Hardly a revelation.
Anticorporate jeremiads have become a dime a dozen in this, the year of our economic discontent.
Hedges is no garden-variety prophet. The Pulitzer Prize-winning former New York Times foreign correspondent has written a trenchantly argued critique of the near-destruction of the American dream by unfettered capitalism.
Hedges, whose previous books include “American Fascists: The Christian Right and the War on America” and “War Is a Force That Gives Us Meaning,” not only shows how corporations wield power, he also examines how they manipulate and reshape the individual’s sense of self.
Speaking by phone from his home in Princeton, N.J., Hedges says consumerist ideology has blinded Americans to reality.
“Our manufacturing base has been destroyed. Tens of millions of Americans live in real or near poverty. Our infrastructure is collapsing,” he says. “We have massive deficits that we can never repay. ... And we have a permanent war economy” that eats up “half our discretionary spending.”
How do we react to all this? We shop, watch TV, shop some more, watch a bit more TV.
And, for the most part, we love it.
We are the 30 million deliriously upbeat Americans glued to the set each week for “American Idol.” (And we dream that someday, we, too, will be international stars.) We are the millions who devour magazines and TV specials that make us think we have intimate relationships with Cameron Diaz, or Robert Pattinson, or (heaven forbid!) Amy Winehouse.
We think we are happy, Hedges argues, because we think consumer culture — and the corporate power that underlies it — empowers us. In reality, it robs us of our moral autonomy.
Hedges says that our consumer conditioning has reduced “the values of thrift, a sense of community and self-sacrifice” to “a need for self-gratification.” Democracy is reduced to the same level as “consumer choice or voting on ‘American Idol.’”
The discrepancy between perception and reality, Hedges argues, has generated a culture of illusions that allow citizens to hide from reality. Infantilized by advertising, the media and celebrity culture, we have become incapable of recognizing — much less fixing — the degradation of our social, political and economic system.
“We are the most illusioned society on the face of the earth,” Hedges said. “Oprah, the Christian right, self-help gurus, Hollywood tell us that we can have everything we want. And it’s an illusion.”
In reality, Hedges writes in his book, we have become “virtually disempowered” by corporate America.

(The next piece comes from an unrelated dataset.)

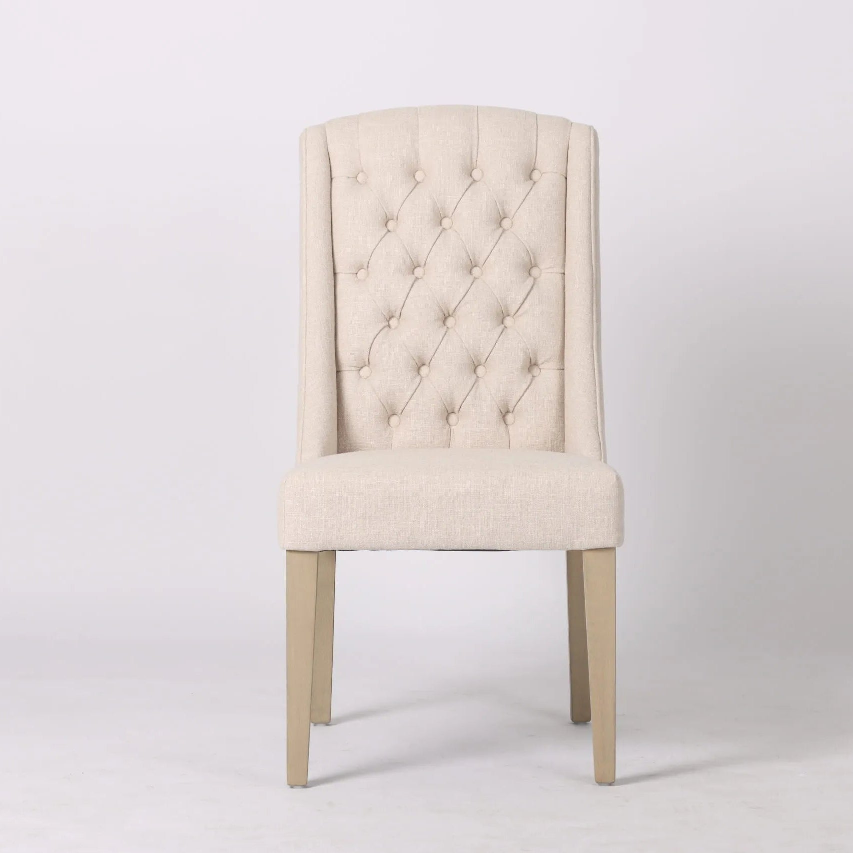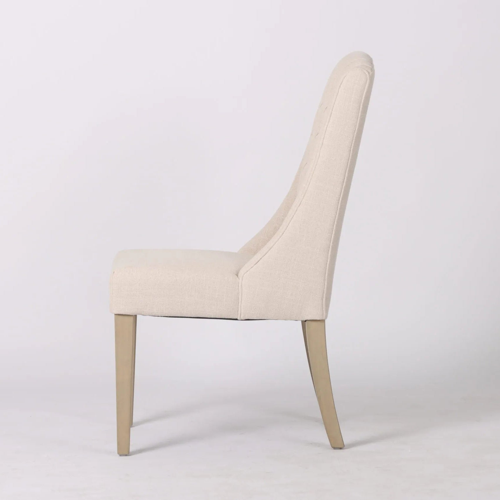 - Material: High-quality beige fabric upholstery, solid wood legs

As employees, we are little more than disposable commodities, and as consumers we are addicted to goods we don’t need.
Hedges argues that consumerism and celebrity culture have a powerful political function. “The whole fantasy of celebrity culture is not designed simply to entertain,” Hedges says, but to make us politically passive.
Hedges says the move from “managed capitalism” to “unfettered capitalism” over the last four to six decades — accomplished with the help of government deregulation — has refashioned America as a “corporate state run by and on behalf of corporations rather than citizens.” When corporate needs trump those of citizens, Hedges said, the poor and the weak don’t stand a chance.

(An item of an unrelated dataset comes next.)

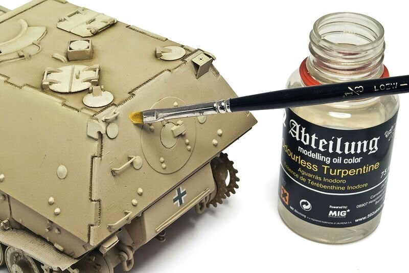 Многим нравятся именно чистенькие аккуратные модели, словно только что сошедшие со стапелей завода. Почему бы и нет? Хрестоматийная техника требует хрестоматийных решений. Прототип новый, свежий. Запылиться ещё не успел, мухи не обсидели. Значит, готовим смывку, которая будет такого же базового цвета, но на тон-полтора темнее. Мы же помним, да: в этом случае смывка - суть - тени от выступающих частей и/или тени во впадинах.
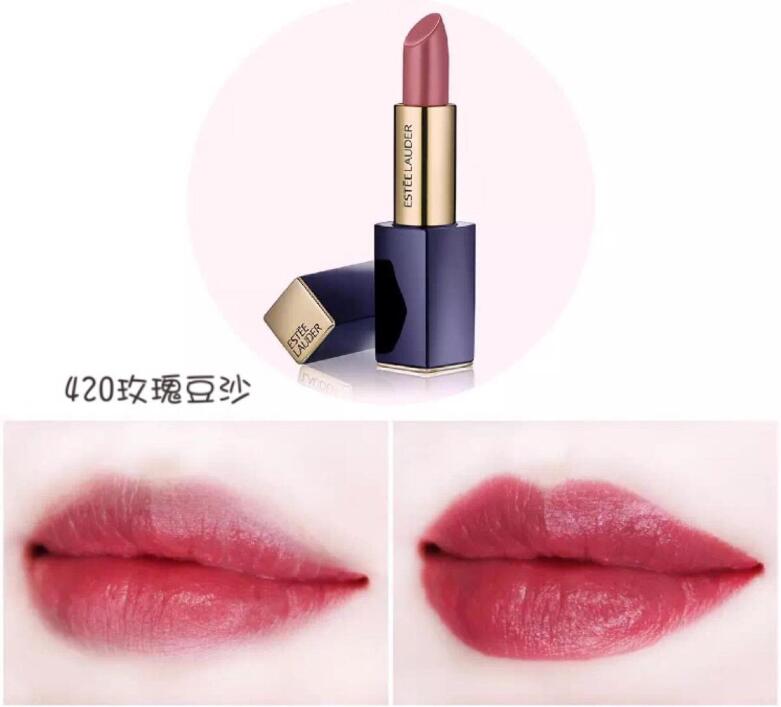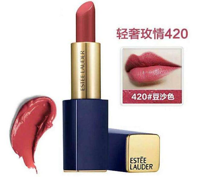 3. 雅诗兰黛420了,曾经红头半边天,看起来就像是绵绵的豆沙奶油冰,上嘴很舒服,薄涂是眼眸低垂的少女,厚涂是知性小姐姐,很优雅温柔,显白显气色,这次包装上还有了小小的变化,包装是限定玫瑰粉管。

The net result of corporate power, Hedges writes in “Empire,” is that human beings are remade in the corporate image. In a brilliant analysis, Hedges shows how the reality show “Survivor” celebrates character traits we usually associate with the mentally ill.
Hedges quotes contestants who claim they have formed lifelong friendships during the show. Within minutes, the same best friends viciously turn on each other.

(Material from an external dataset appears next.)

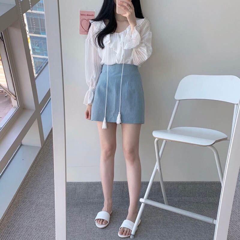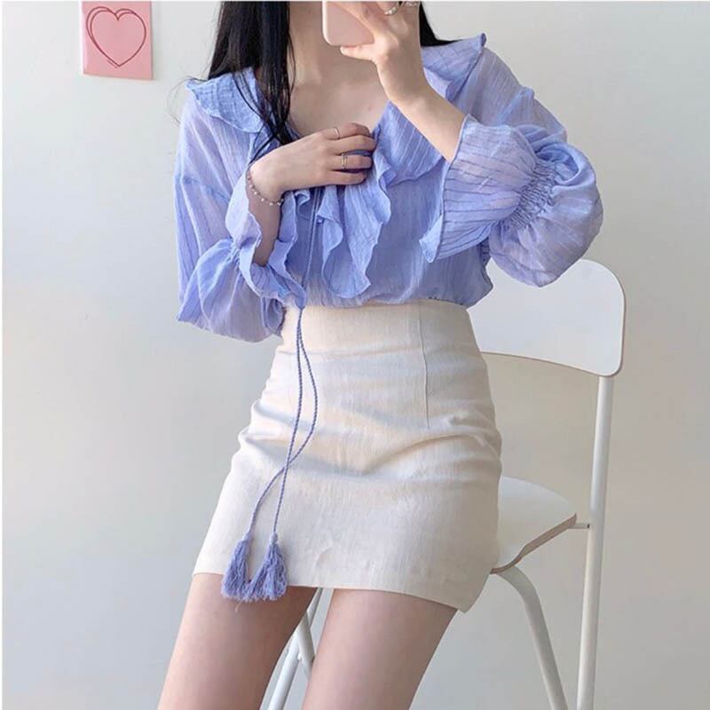 色:ホワイトトップ,ブルートップ,ブルースカートSコード,青いスカートMコード,アプリコットスカートSサイズ,アプリコットスカートM

“The cult of self dominates our cultural landscape (and) ... has the classic traits of psychopaths: superficial charm, grandiosity, and self-importance; a need for constant stimulations, a penchant for lying, deception, and manipulation; and the inability to feel remorse or guilt.”
As Hedges tells the reader, these are the character traits valued in corporate leaders.
These leaders are “willing to consume human beings and destroy the ecosystem for the higher good of corporate profit,” Hedges said.
He asserts that one of our greatest illusions is that reform is possible without questioning the system itself.
“The structure we have inherited of unfettered capitalism and globalization is accepted as natural law ... as inevitable,” he says. Question its moral or social effects, and the typical response is: “What are you going to do? This is the way things are.” But must they be that way? Hedges asks. Economic systems were made by humans and can be remade.
Hedges says there is a great irony — and hypocrisy — at the heart of the current efforts to bail out failed companies.
“What is so mendacious and pernicious about this is that until these institutions collapsed, all they talked about is the market and unfettered capitalism. And when, because of their own folly, greed, and mismanagement, it collapsed, they are raiding the Treasury.
“We’ve become a socialist nation — but socialism for corporations.”